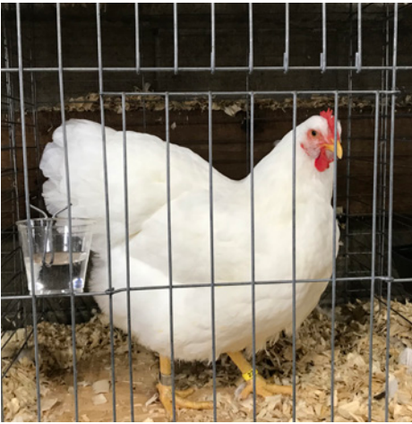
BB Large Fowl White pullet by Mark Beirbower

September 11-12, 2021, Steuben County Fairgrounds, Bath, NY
◆ ◆ ◆ ◆
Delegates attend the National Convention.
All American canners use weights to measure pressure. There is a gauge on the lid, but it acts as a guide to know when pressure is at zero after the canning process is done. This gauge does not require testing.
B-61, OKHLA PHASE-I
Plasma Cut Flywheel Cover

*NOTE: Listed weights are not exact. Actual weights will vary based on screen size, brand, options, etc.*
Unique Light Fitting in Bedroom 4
◆ ◆ ◆ ◆
Using the material above, transcribe exactly the lines from the line with "Plasma Cut Flywheel Cover" to the line with "Unique Light Fitting in Bedroom 4"; both count, and nothing else goes in.

[Answer space]
Plasma Cut Flywheel Cover

*NOTE: Listed weights are not exact. Actual weights will vary based on screen size, brand, options, etc.*
Unique Light Fitting in Bedroom 4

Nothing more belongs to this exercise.